What needs to be done:
Take the material below and output exactly the run of lines from the one containing "In this article, we" down to the one containing "8月6日当天,戴彭俐带领服务", with both included.

Recorded data:
——————
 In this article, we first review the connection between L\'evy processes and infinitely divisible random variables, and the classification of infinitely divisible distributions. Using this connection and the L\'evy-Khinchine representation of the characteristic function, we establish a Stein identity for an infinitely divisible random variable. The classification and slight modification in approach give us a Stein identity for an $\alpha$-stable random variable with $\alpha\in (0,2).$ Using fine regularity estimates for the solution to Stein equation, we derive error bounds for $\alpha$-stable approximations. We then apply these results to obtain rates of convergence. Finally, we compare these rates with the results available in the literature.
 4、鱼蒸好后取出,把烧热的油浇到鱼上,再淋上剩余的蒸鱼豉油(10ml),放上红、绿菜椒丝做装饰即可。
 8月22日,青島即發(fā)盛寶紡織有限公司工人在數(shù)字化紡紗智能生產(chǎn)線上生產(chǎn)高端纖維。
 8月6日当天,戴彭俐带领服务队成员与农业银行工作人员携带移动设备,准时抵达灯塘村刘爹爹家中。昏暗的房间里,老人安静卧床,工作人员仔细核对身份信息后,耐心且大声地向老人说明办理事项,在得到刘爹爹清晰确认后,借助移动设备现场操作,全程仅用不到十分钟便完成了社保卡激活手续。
——————
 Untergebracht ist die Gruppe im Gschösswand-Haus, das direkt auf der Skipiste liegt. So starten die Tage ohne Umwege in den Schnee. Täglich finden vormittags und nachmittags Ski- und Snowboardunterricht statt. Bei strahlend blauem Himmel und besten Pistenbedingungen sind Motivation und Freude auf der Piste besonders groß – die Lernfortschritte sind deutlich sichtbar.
——————
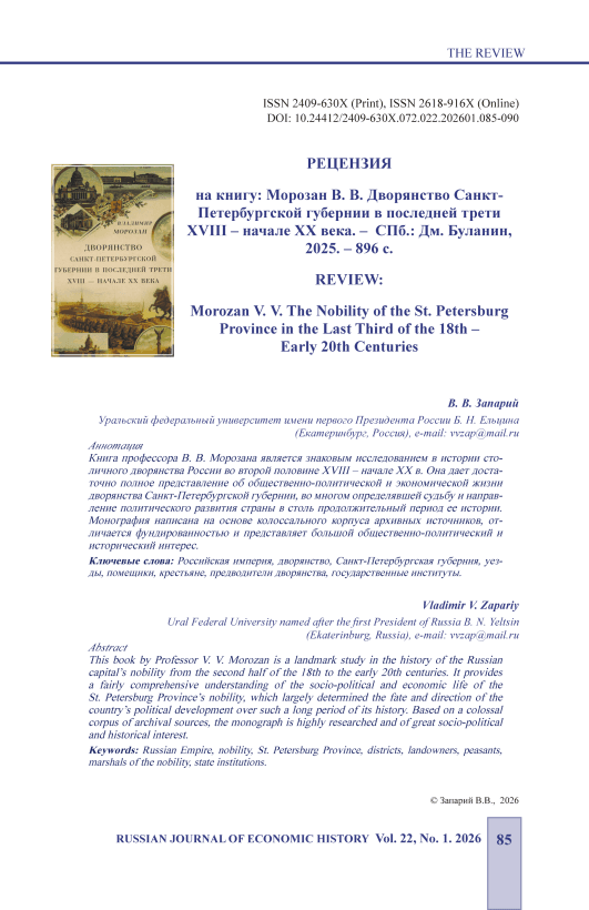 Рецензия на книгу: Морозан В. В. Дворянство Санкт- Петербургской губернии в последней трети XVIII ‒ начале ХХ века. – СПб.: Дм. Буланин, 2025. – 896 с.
——————
Solution for this task:
 In this article, we first review the connection between L\'evy processes and infinitely divisible random variables, and the classification of infinitely divisible distributions. Using this connection and the L\'evy-Khinchine representation of the characteristic function, we establish a Stein identity for an infinitely divisible random variable. The classification and slight modification in approach give us a Stein identity for an $\alpha$-stable random variable with $\alpha\in (0,2).$ Using fine regularity estimates for the solution to Stein equation, we derive error bounds for $\alpha$-stable approximations. We then apply these results to obtain rates of convergence. Finally, we compare these rates with the results available in the literature.
 4、鱼蒸好后取出,把烧热的油浇到鱼上,再淋上剩余的蒸鱼豉油(10ml),放上红、绿菜椒丝做装饰即可。
 8月22日,青島即發(fā)盛寶紡織有限公司工人在數(shù)字化紡紗智能生產(chǎn)線上生產(chǎn)高端纖維。
 8月6日当天,戴彭俐带领服务队成员与农业银行工作人员携带移动设备,准时抵达灯塘村刘爹爹家中。昏暗的房间里,老人安静卧床,工作人员仔细核对身份信息后,耐心且大声地向老人说明办理事项,在得到刘爹爹清晰确认后,借助移动设备现场操作,全程仅用不到十分钟便完成了社保卡激活手续。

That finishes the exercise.